Diao Zhuo lit the cigarette and didn’t reply right away, though privately he thought: a handful doesn’t begin to cover it — she’s got the combat skills to overpower any man.

Xiang’an came over looking a little worried. “How about you ride in my passenger seat tomorrow, and let Da Qin drive your car.”

Ba Yunye looked at him and gave a slight shake of her head.

Xiang’an blinked, then suddenly understood, and burst out laughing. He reached out a hand: “Need help up?”

Ba Yunye took his hand without any fuss; with one good pull she was on her feet, and she dropped down into a chair, scooping up a few more noodles and slurping them down — she hadn’t quite finished eating.

Xiao Zi put on her hat and headed outside to photograph the stars. Ye Xun picked up the tripod and followed to watch. Several other team members went to help Ci Dan and the others boil hot water.

That girl’s actually going out… Ba Yunye shook her head, expecting she wouldn’t last long before the wind beat her back inside dizzy. She’d been driving all day and was beginning to nod off; she figured she’d get a basin of hot water, give herself a rough wipe-down, and roll off to sleep.

It was cold tonight too, but not as bone-chilling as the night before. The thermometer read -10°C. There were no clouds, and the moon looked bigger than usual. The countless stars in the clean air were completely visible from horizon to horizon.

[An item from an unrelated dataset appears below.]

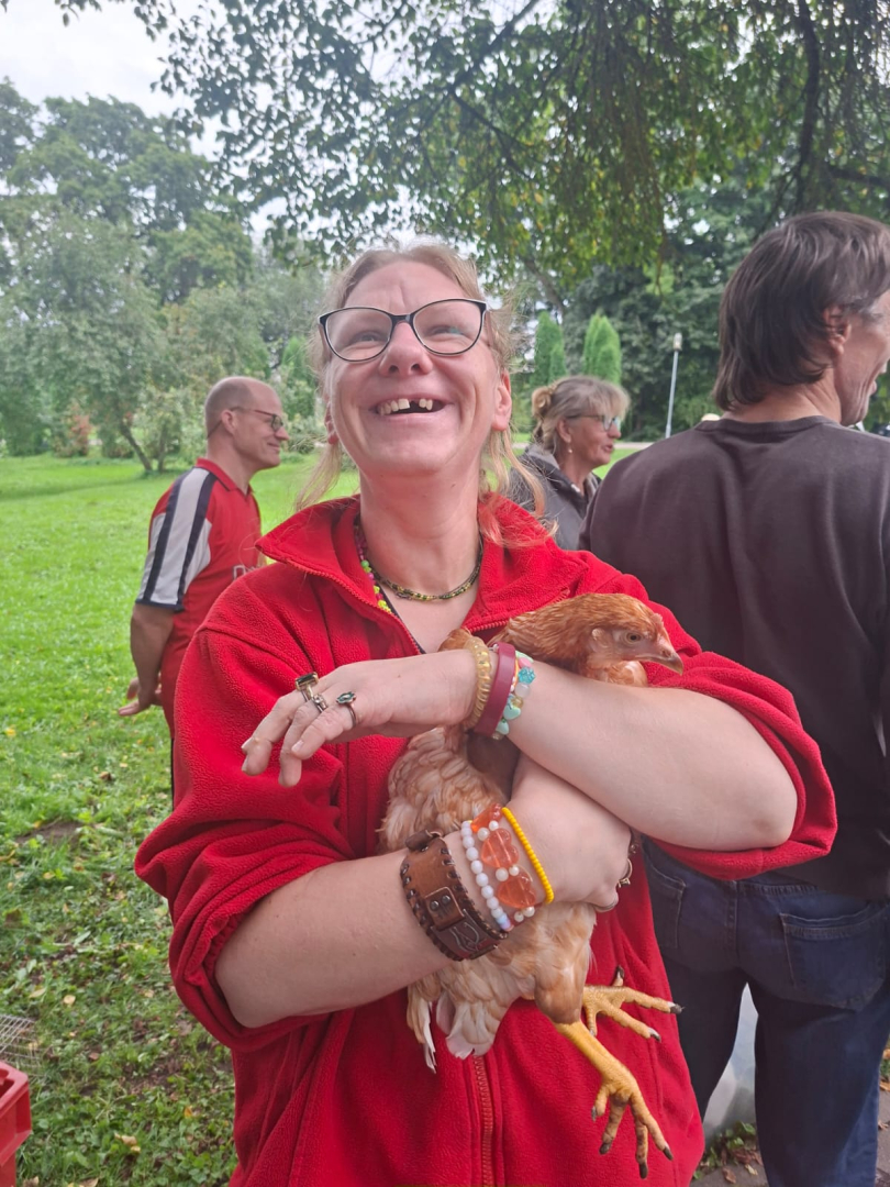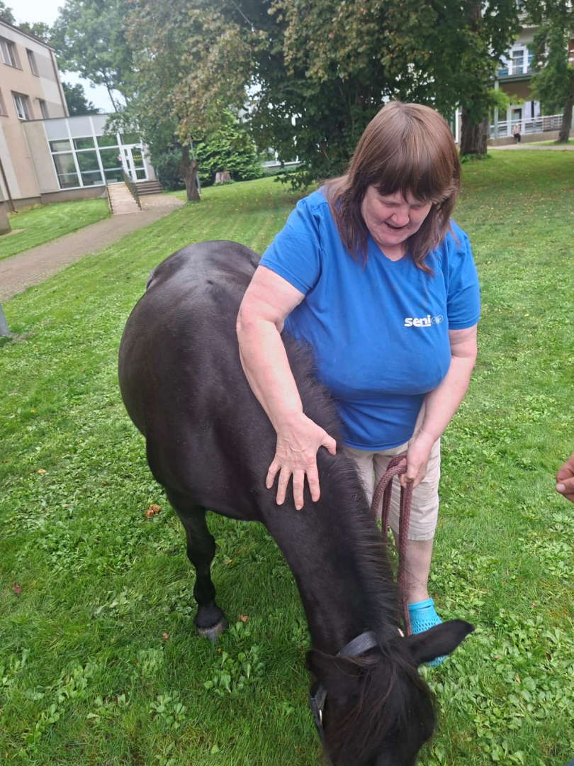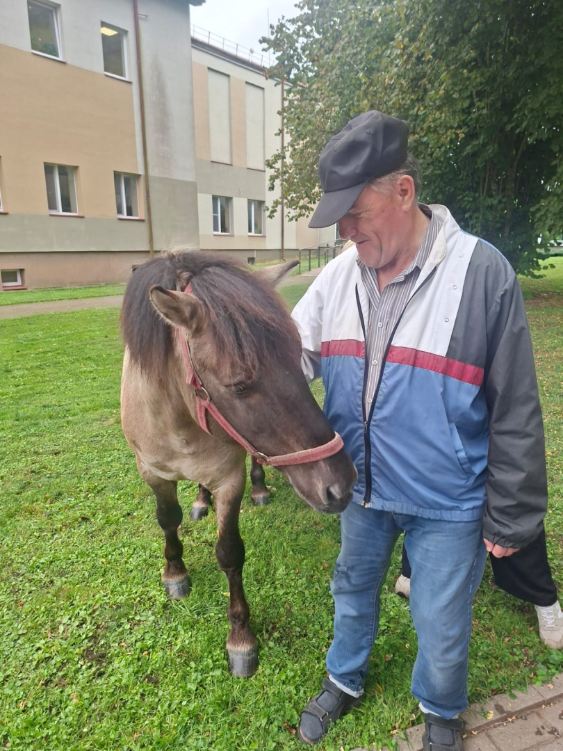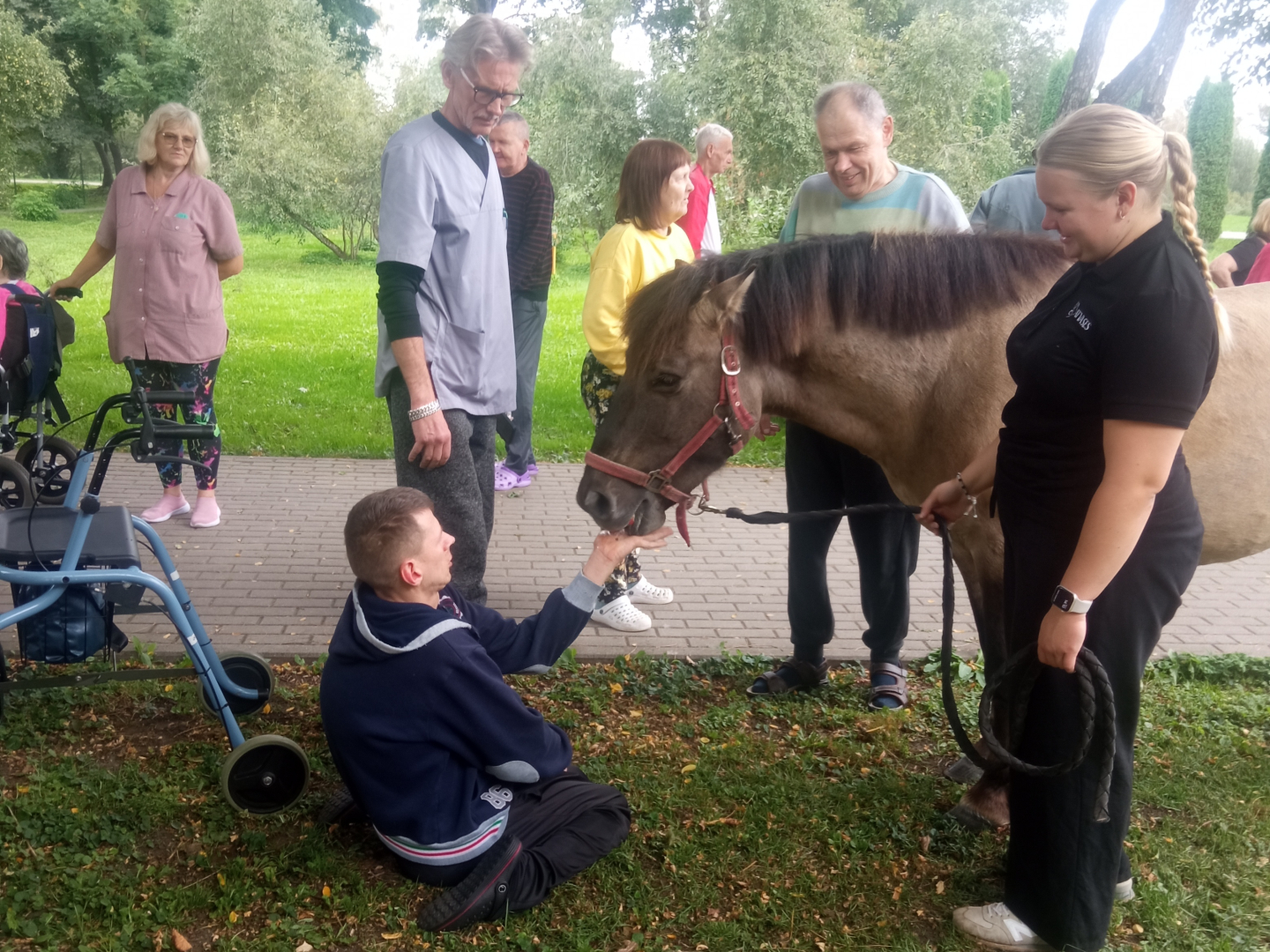 VSAC Kurzeme filiālē “Iļģi” 10.septembra pēcpusdienā bija ieradusies ZS Atvases saimniece Vizma Petrēvica kopā ar savām meitām atvedot līdzi savus mājdzīvniekus (zirgi, aita, truši, vistas) lai iepriecinātu mūsu centra ļaudis. Tā jau ir otrā ciemošanās reize, kurā bija iespēja dzīvniekus pabarot, samīļot, parunāties par dzīvniekiem – to raksturiem, kā pareizi barot, kas patīk/nepatīk mājdzīvniekiem. Tas bija mirklis, kurā visiem pavērās sejā smaids, prieks un labsajūta – mirklis, kurā padarījāt mūsu dzīvi krāsaināku.

The wind was still fierce, whipping the plastic tarps that covered the dried dung patties with a loud snapping sound; even the stones weighting the edges weren’t enough to keep them down.

Xiao Zi had no intention of waiting for Ye Xun. She walked out onto the frozen lake surface at a brisk pace, not responding when he called after her several times. Ye Xun slipped, went down hard — face-planted like an old woman diving under a quilt — and scrambled up, then lunged forward and seized her shoulder with one hand, yanking hard: “Are you deaf?!” Xiao Zi met his eyes with a cold stare and felt more and more that he was repulsive.